Заблудшая душа - Антон Грановский
Шрифт:
Интервал:
Закладка:
Галеб остановился и повернул голову.
Зверь громко заскулил в яме. Галеб стер рукавом рубахи кровь с исцарапанного лица и хрипло выдохнул:
— Получил, сволочь! Это тебе за то, что пытался меня сожрать!
Зверь продолжал скулить, с каждым новым звуком все протяжнее и тоньше. Прошло еще несколько секунд, и вдруг Галеб понял, что слышит не звериный скулеж, а человеческий плач. Он неуверенно двинулся к яме, сам не понимая, зачем это делает. Остановившись в паре шагов от края, Галеб опустился на четвереньки, осторожно подполз к черному зеву, дышащему влажной землей, и посмотрел вниз.
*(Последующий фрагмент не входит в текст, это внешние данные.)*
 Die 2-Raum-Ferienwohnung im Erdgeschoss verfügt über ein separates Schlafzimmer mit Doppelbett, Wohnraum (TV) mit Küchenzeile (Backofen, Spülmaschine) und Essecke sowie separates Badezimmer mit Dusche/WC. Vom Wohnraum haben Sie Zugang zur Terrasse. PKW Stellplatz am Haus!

В яме что-то белело. Галеб никогда бы не подумал, что сможет что-нибудь разглядеть в такой кромешной тьме, но, как ни странно, он разглядел. На дне ямы лежало обнаженное человеческое тело. Это была женщина. Крупная, широкоплечая, с большими грудями и бледным лицом. Русые волосы женщины рассыпались вокруг головы светлым веером. Из левой стороны ее груди торчал острый конец осинового колышка. Точно такой же окровавленный колышек торчал из бледного живота оборотня.
Завидев склонившегося над ямой Галеба, женщина перестала стонать, облизнула перекошенные от боли губы и хрипло проговорила:
— Помоги… мне.
Голос у нее был странный, будто принадлежал не человеку, а зверю. Была в этом голосе и еще одна странность — он звучал отчетливо, но в то же время будто не извне, а как бы изнутри черепа Галеба.
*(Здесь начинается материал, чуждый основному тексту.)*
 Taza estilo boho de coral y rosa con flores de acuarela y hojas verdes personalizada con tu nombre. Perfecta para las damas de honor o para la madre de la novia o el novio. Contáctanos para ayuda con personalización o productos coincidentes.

— Помоги… — снова прохрипела женщина.
Она уперлась ладонями в дно ямы, сцепила зубы и, глядя на Галеба налитыми кровью глазами, стала медленно подниматься.
Волосы на голове Галеба встали дыбом. Женщина поднималась все выше и выше. Один из колышков, хрустнув, переломился, а второй с отвратительным чавканьем вышел из пронзенной плоти. Кровь закапала на дно ямы.
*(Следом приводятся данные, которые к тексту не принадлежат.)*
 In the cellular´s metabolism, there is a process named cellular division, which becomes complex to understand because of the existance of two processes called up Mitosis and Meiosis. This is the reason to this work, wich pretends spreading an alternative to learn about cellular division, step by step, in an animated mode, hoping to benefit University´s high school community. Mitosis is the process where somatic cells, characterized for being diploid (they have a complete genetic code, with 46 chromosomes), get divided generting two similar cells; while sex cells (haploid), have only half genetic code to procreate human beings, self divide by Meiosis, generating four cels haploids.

Галеб не стал ждать, чем это закончится. Он вскочил на ноги, отошел от края ямы, затем повернулся и быстро зашагал прочь.
— Помоги мне! — донесся до него страшный голос, полный ярости, отчаяния и боли. — Помоги мне!.. Помоги… мне…
Голос сорвался на стон, а затем ночной лес огласился не то женским плачем, не то скулежем раненого зверя. Галеб, не в силах больше выдерживать эти страшные звуки, заткнул ладонями уши и бросился бежать, пошатываясь от усталости и спотыкаясь о влажный хворост.
Пробежав еще километра три, он остановился и, схватившись за волглый ствол березы, попытался отдышаться. Грудь сдавили железные тиски, мышцы на ногах болели и дрожали, а рана на предплечье, оставленная клыками женщины-оборотня, горела и пульсировала.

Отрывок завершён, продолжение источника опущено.